As in the case of exponential smoothing models, it is a good idea to investigate whether the forecast errors of an ARIMA model are normally distributed with mean zero and constant variance, and whether the are correlations between successive forecast errors.
For example, we can make a correlogram of the forecast errors for our ARIMA(0,1,1) model for the ages at death of kings, and perform the Ljung-Box test for lags 1-20, by typing:
acf(kingstimeseriesforecasts$residuals, lag.max=20)
Box.test(kingstimeseriesforecasts$residuals, lag=20, type="Ljung-Box")
##
## Box-Ljung test
##
## data: kingstimeseriesforecasts$residuals
## X-squared = 11.387, df = 20, p-value = 0.9356
plot.ts(kingstimeseriesforecasts$residuals)
Since the correlogram shows that none of the sample autocorrelations for lags 1-20 exceed the significance bounds, and the p-value for the Ljung-Box test is 0.9, we can conclude that there is very little evidence for non-zero autocorrelations in the forecast errors at lags 1-20.
To investigate whether the forecast errors are normally distributed with mean zero and constant variance, we can make a time plot and histogram (with overlaid normal curve) of the forecast errors:
plotForecastErrors <- function(forecasterrors)
{
# make a histogram of the forecast errors:
mybinsize <- IQR(forecasterrors,na.rm=TRUE)/4
mysd <- sd(forecasterrors,na.rm=TRUE)
mymin <- min(forecasterrors,na.rm=TRUE) - mysd*5
mymax <- max(forecasterrors,na.rm=TRUE) + mysd*3
# generate normally distributed data with mean 0 and standard deviation mysd
mynorm <- rnorm(10000, mean=0, sd=mysd)
mymin2 <- min(mynorm)
mymax2 <- max(mynorm)
if (mymin2 < mymin) { mymin <- mymin2 }
if (mymax2 > mymax) { mymax <- mymax2 }
# make a red histogram of the forecast errors, with the normally distributed data overlaid:
mybins <- seq(mymin, mymax, mybinsize)
hist(forecasterrors, col="red", freq=FALSE, breaks=mybins)
# freq=FALSE ensures the area under the histogram = 1
# generate normally distributed data with mean 0 and standard deviation mysd
myhist <- hist(mynorm, plot=FALSE, breaks=mybins)
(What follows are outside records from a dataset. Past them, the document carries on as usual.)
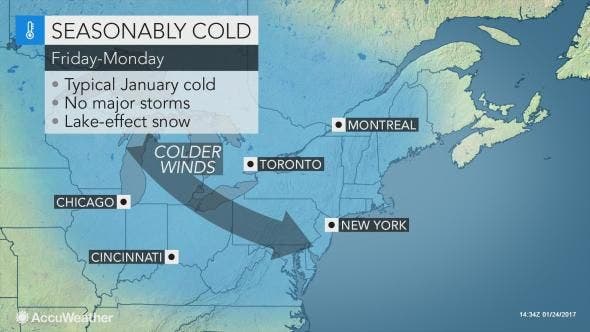 The weekend should be sunny, he said, but "As usual we will need to watch for a few rogue snow squalls and stretched-out feeder bands that may bring snow across our northern counties and the Catskills. Remember these squalls can be localized, and quickly cover over roadways."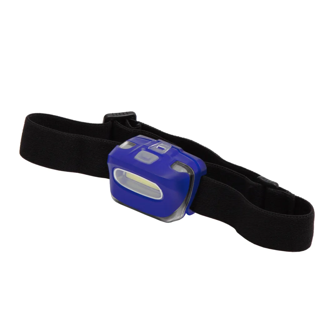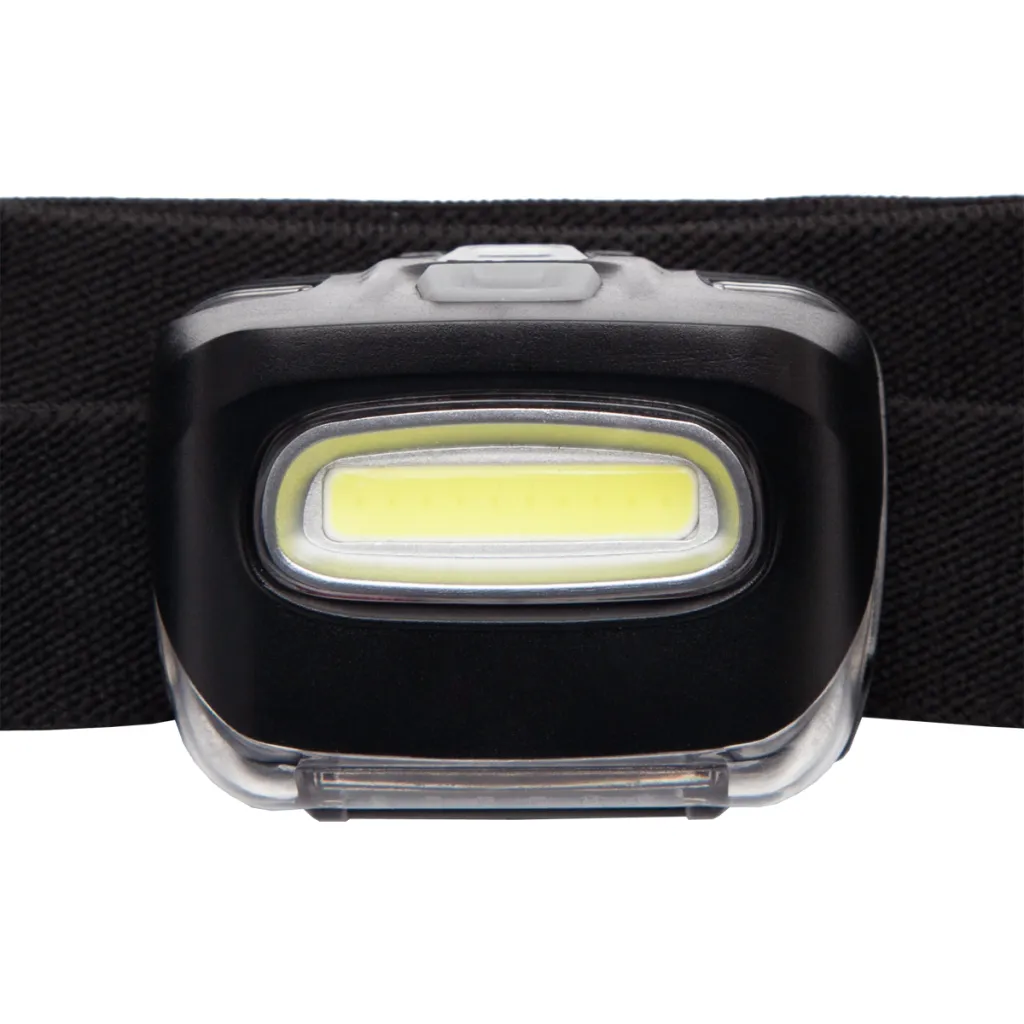 Headlamp with COB diodes (100 lm, range 80 m, lifetime 100 000 h) and removable head strap. Range 18 - 20 °. 3 AAA batteries are included.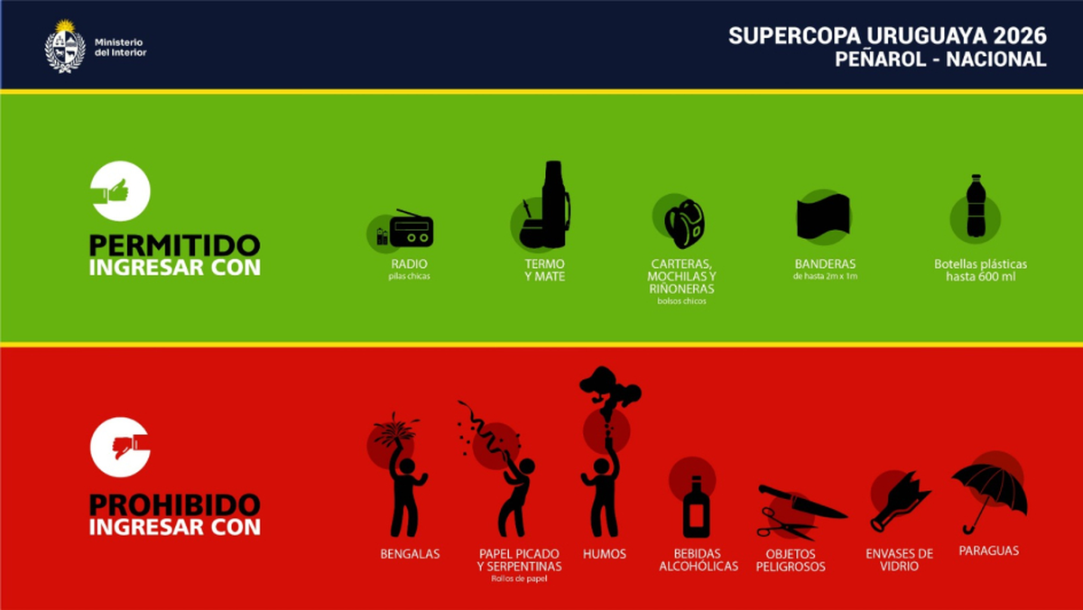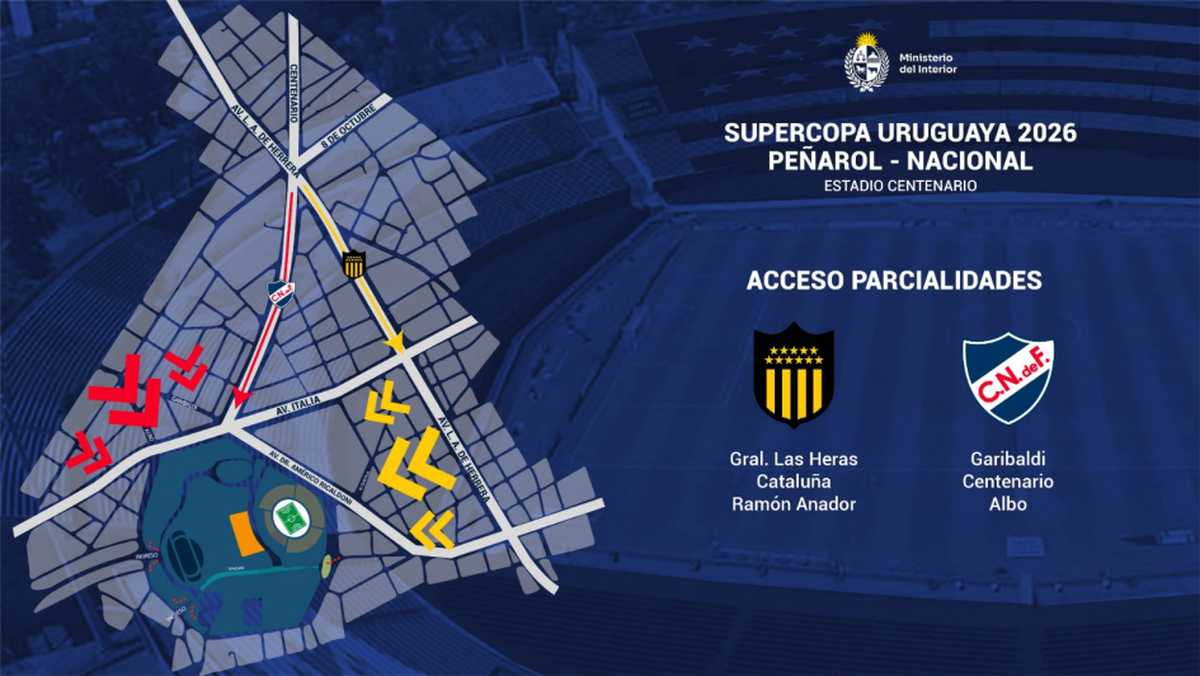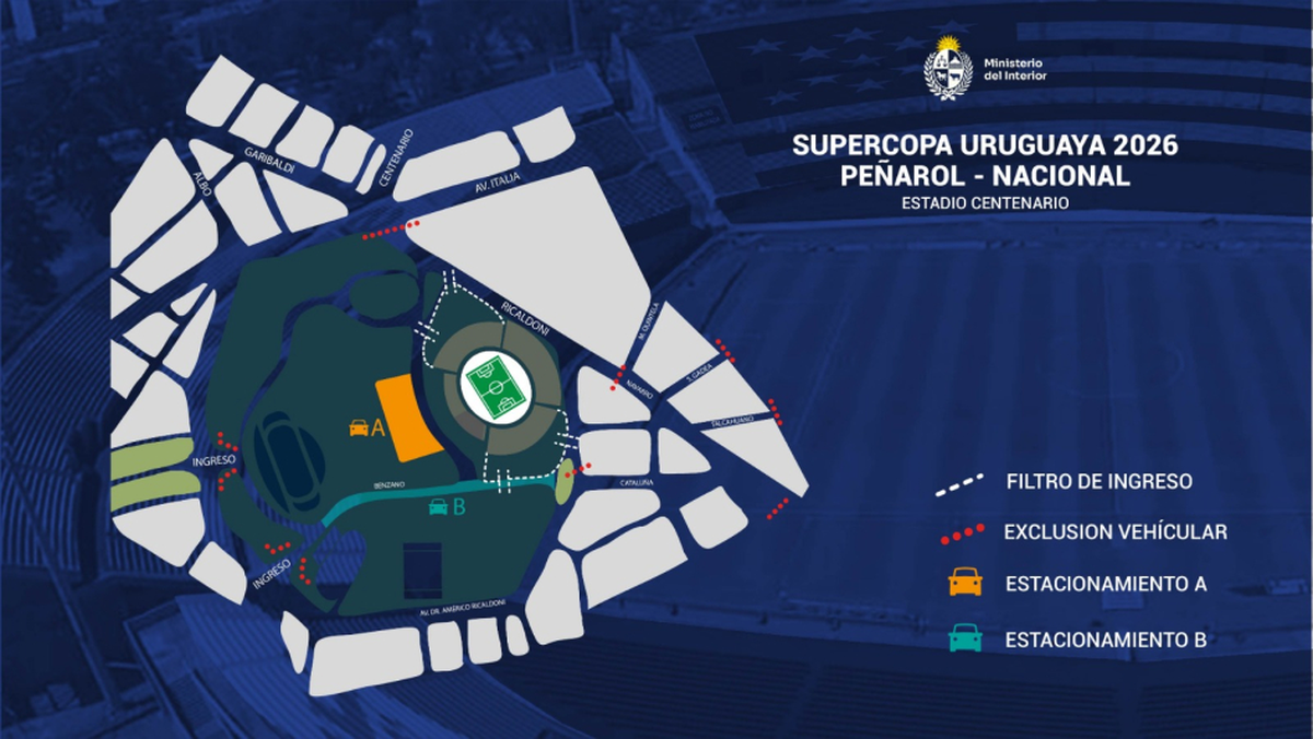 Peñarol y Nacional juegan por la Supercopa Uruguaya 2026 en el Estadio Centenario, a las 20:00 horas. Desde las 14:00 horas de ese día estará el operativo en las zonas aledañas, aunque en general ya se trabaja desde el miércoles, con tareas de patrullaje en el entorno tanto del estadio del Parque Batlle como del Campeón del Siglo y del Gran Parque Central, sedes sociales y las ciudades deportivas de ambos clubes.
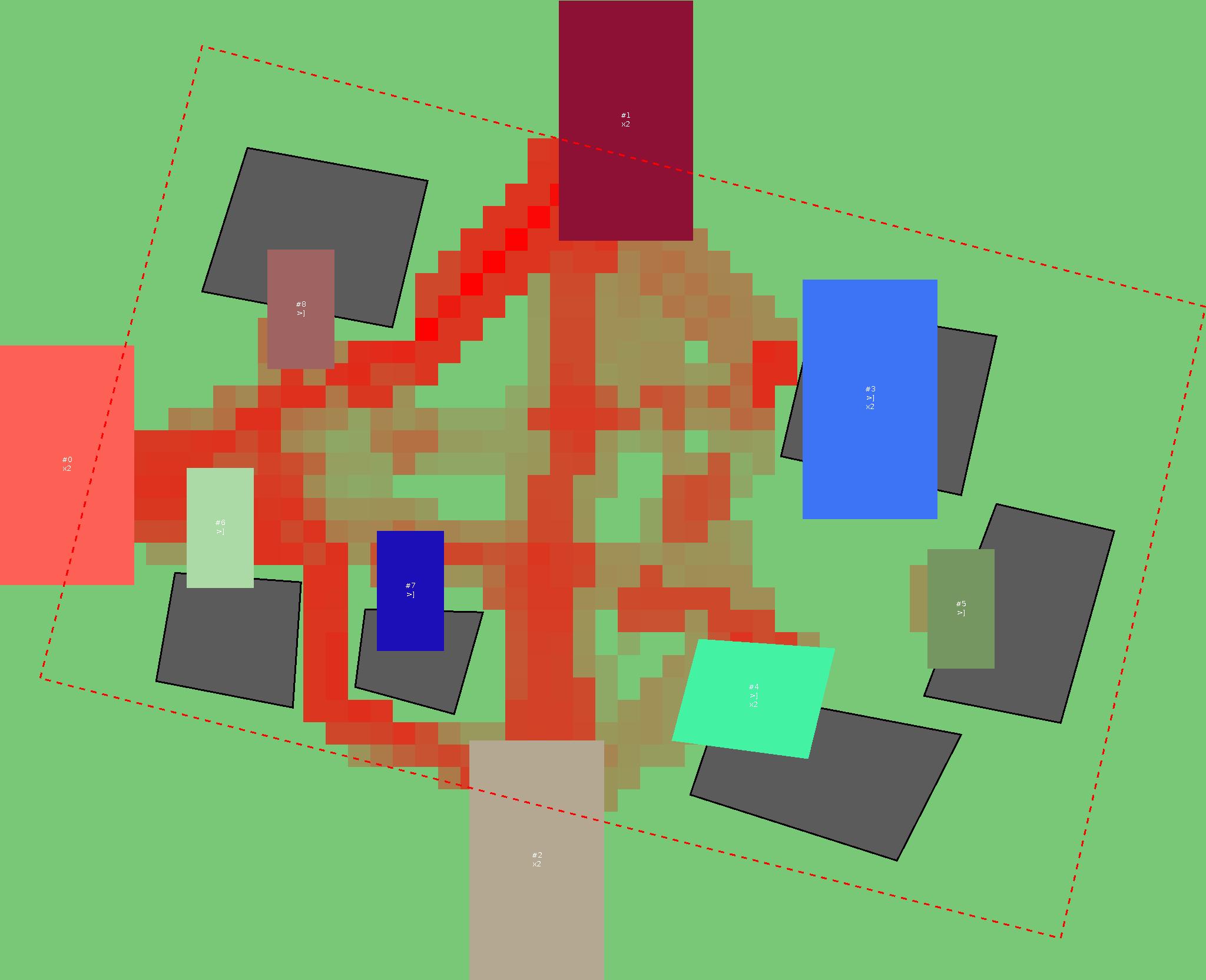 Красным цветом показаны места, где, вероятнее всего, появятся стихийные тропы..

# plot the normal curve as a blue line on top of the histogram of forecast errors:
points(myhist$mids, myhist$density, type="l", col="blue", lwd=2)
}
plotForecastErrors(kingstimeseriesforecasts$residuals)
The time plot of the in-sample forecast errors shows that the variance
of the forecast errors seems to be roughly constant over time (though
perhaps there is slightly higher variance for the second half of the
time series). The histogram of the time series shows that the forecast
errors are roughly normally distributed and the mean seems to be close
to zero. Therefore, it is plausible that the forecast errors are
normally distributed with mean zero and constant variance.
Since successive forecast errors do not seem to be correlated, and the forecast errors seem to be normally distributed with mean zero and constant variance, the ARIMA(0,1,1) does seem to provide an adequate predictive model for the ages at death of English kings.